Playing around with Trackback

I’ve been playing around with Trackbacks this evening, trying to get them set up here in my blog. Trackbacks are an alternative way of commenting on blog entries. Instead of posting an actual comment on the entry, you write an entry on your own blog. Then you tell your blog software to send a “trackback ping” to my server. My server then automatically adds a reference to your entry on my pages. Nifty, eh?

Well, I’ve got it mostly working. Movable Type normally considers comments and trackbacks to be completely different things, but Adam Kalsey has written a new plugin called “SimpleComments“, which allows you to merge them into a single display.

There is only one slight problem. When someone posts a comment on a blog entry, Movable Type automatically rebuilds that entry. If you’re displaying comments in-line with the entry, this ensures that the comments actually show up immediately. But trackbacks don’t trigger a rebuild. (This is intentional behaviour, not a bug in MT. It does make sense: if your rebuild process takes a long time, then a person trying to send you a trackback ping may get a time-out before the rebuild is complete.)
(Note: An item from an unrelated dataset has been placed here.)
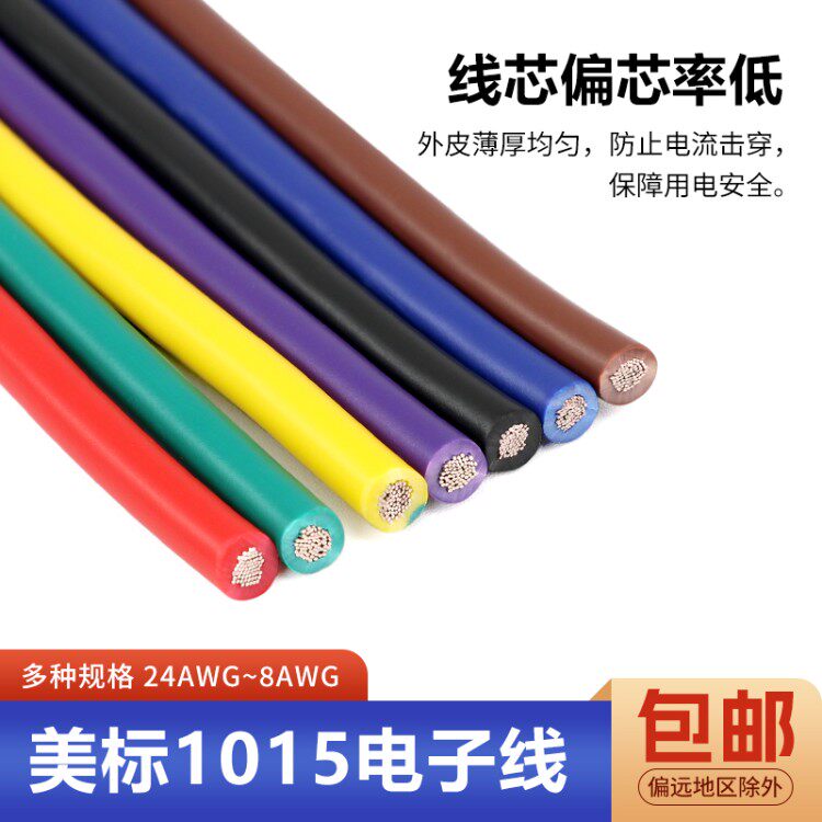 📚 1015电子线美标电线8/12/14/16/18/20/24awg导线引线镀锡铜电线

If you’re using the standard MT popup dialog for showing comments and trackbacks, the rebuild issue is not a problem, because the popup dialog dynamically extracts comments and trackbacks from the MT database when it shows up. But I don’t like popups. I much prefer to see comments and trackbacks on the same single page as the original entry.
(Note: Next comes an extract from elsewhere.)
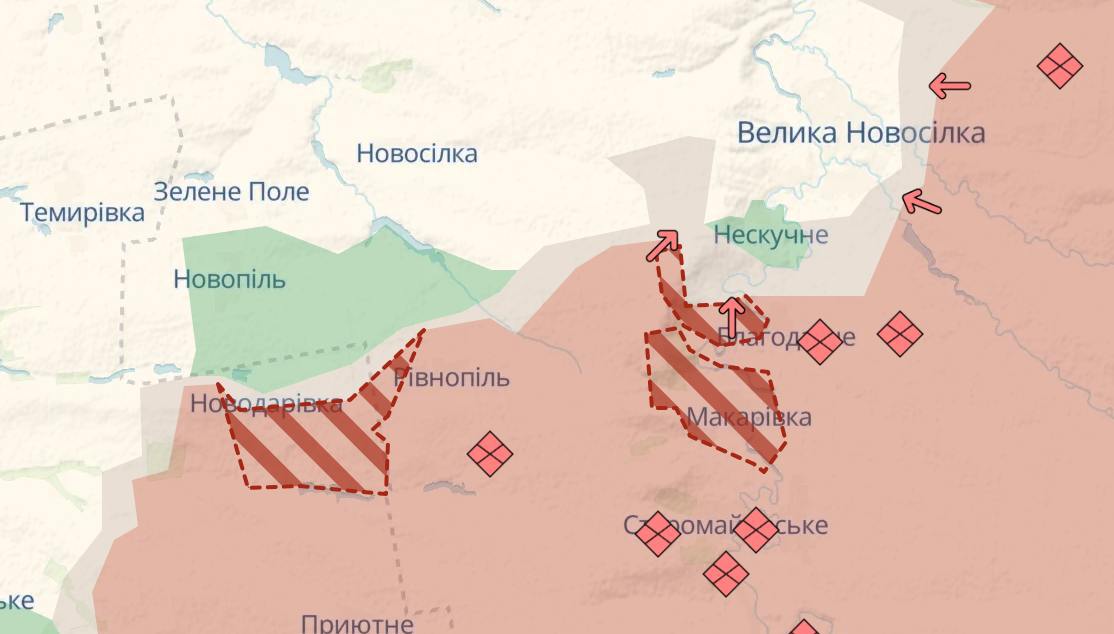 Россияне захватили населенный пункт, соседнее Сторожевое, а также продвинулись западнее в районе Новодаровки.

I’m reluctant to change all of my archive pages from static .html to dynamic script pages (e.g. PHP). I use slashforward URLs for all my permalinks internally, but unfortunately Movable Type doesn’t realize that, and whenever I’ve been leaving trackbacks behind on other people’s sites, the trackback URLs point to the actual page.

Other alternatives include installing a script that will automatically rebuild my MT archive pages every so often, or doing a manual rebuild whenever I get a notification email that someone has sent me a trackback ping.

I’m going to have to think about this one for a while. I suspect I’ll end up going to an automatic rebuild solution, but I’d like to find one that only rebuilds selected entries (i.e. only the ones with new trackbacks since the last rebuild) rather than the whole archive. We’ll see how it goes.

3 Replies to “Playing around with Trackback”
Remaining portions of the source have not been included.